• **Aim of the exercise**
The line containing "toch echt dat" marks the end; write out exactly every line from the start of the data up to and including it, without the pictures.

• **Collected data**
◆ ◆ ◆ ◆
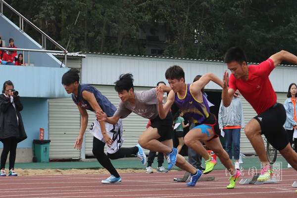 (文/侯文硕 图/廖元文)【核心提示】10月19日下午两点零五分,男子一百米决赛在运动场举行。百米比赛,惊天枪后疾如飞,勇往直前不后退。枪声响后运动员们健步如飞,风驰电掣。来自林学1801的熊子宣在比赛中用时仅12.38秒,取得全校第一名的佳绩,为园林院再夺一金。
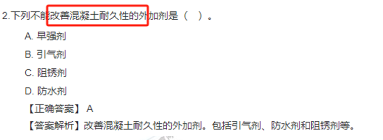 考點詳解:(1)改善混凝土拌合物流變性能的外加劑。包括各種減水劑、引氣劑和泵送劑等。
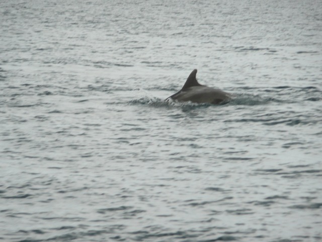 toch echt dat ik iets in het water zag. Yes. een school dolfijnen van ca. 20 stuks. Ik had ze al eens eerder gezien tijdens een tocht met Roy Heiner op een VO60 bij Gibraltor, maar Hilda nog niet. We varen er midden doorheen. Gaaf. Helaas zwemmen ze niet met ons mee. Zo snel ze kwamen, zo snel waren ze dan ook weer weg. We zullen er vast nog wel meer tegenkomen.
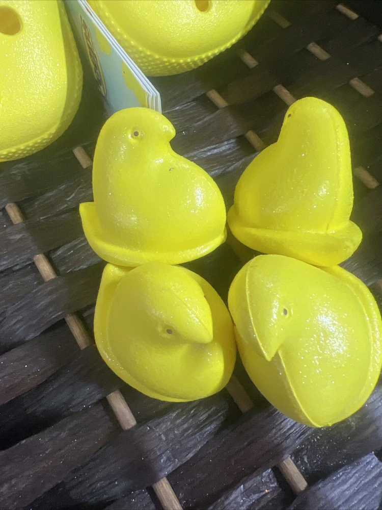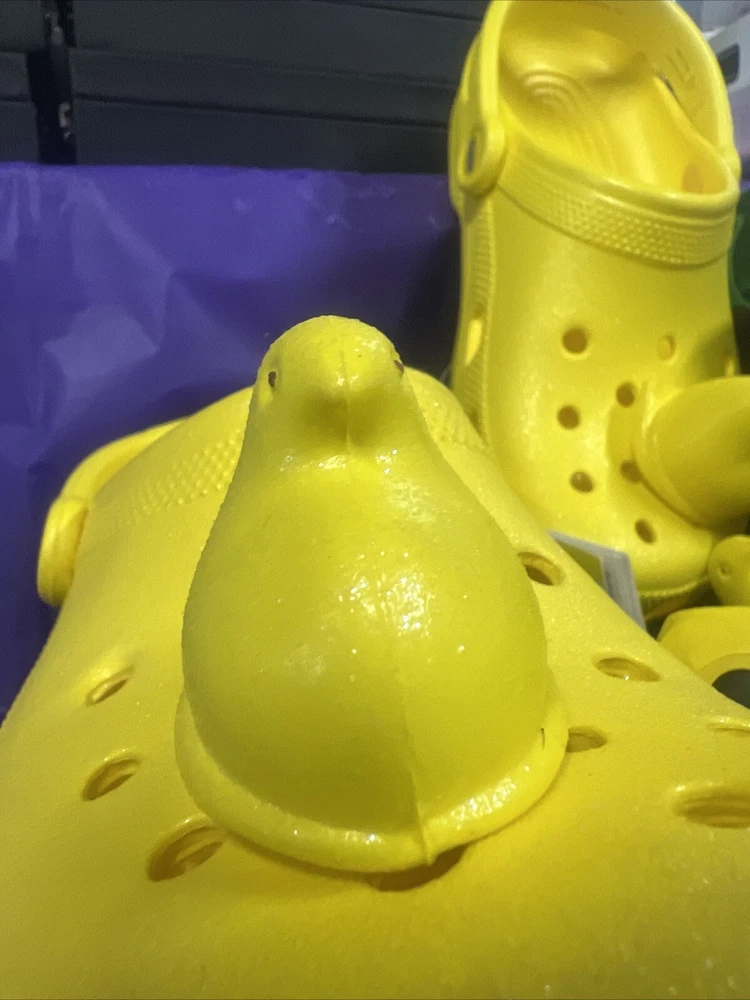 Add some Easter cheer to your Crocs with this limited edition marshmallow Peeps Jibbitz shoe charm. The bright yellow color and fun Peep character design make it a must-have for any Crocs enthusiast. Made from water-resistant materials, this shoe charm is perfect for keeping your Crocs looking fresh and cute. The charm is compatible with all Crocs models and is easy to attach with its sturdy clip. Show off your love for Crocs and Easter with this unique and hard-to-find shoe charm. Get yours now and step up your Crocs game! These are brand new. The crocs have never been worn. We are keeping the shoes, but getting rid of some of the extra peeps. Never worn before and perfect condition. They also have a shimmer like almost glittered looking.
◆ ◆ ◆ ◆
• **Reply**
 (文/侯文硕 图/廖元文)【核心提示】10月19日下午两点零五分,男子一百米决赛在运动场举行。百米比赛,惊天枪后疾如飞,勇往直前不后退。枪声响后运动员们健步如飞,风驰电掣。来自林学1801的熊子宣在比赛中用时仅12.38秒,取得全校第一名的佳绩,为园林院再夺一金。
 考點詳解:(1)改善混凝土拌合物流變性能的外加劑。包括各種減水劑、引氣劑和泵送劑等。
 toch echt dat ik iets in het water zag. Yes. een school dolfijnen van ca. 20 stuks. Ik had ze al eens eerder gezien tijdens een tocht met Roy Heiner op een VO60 bij Gibraltor, maar Hilda nog niet. We varen er midden doorheen. Gaaf. Helaas zwemmen ze niet met ons mee. Zo snel ze kwamen, zo snel waren ze dan ook weer weg. We zullen er vast nog wel meer tegenkomen.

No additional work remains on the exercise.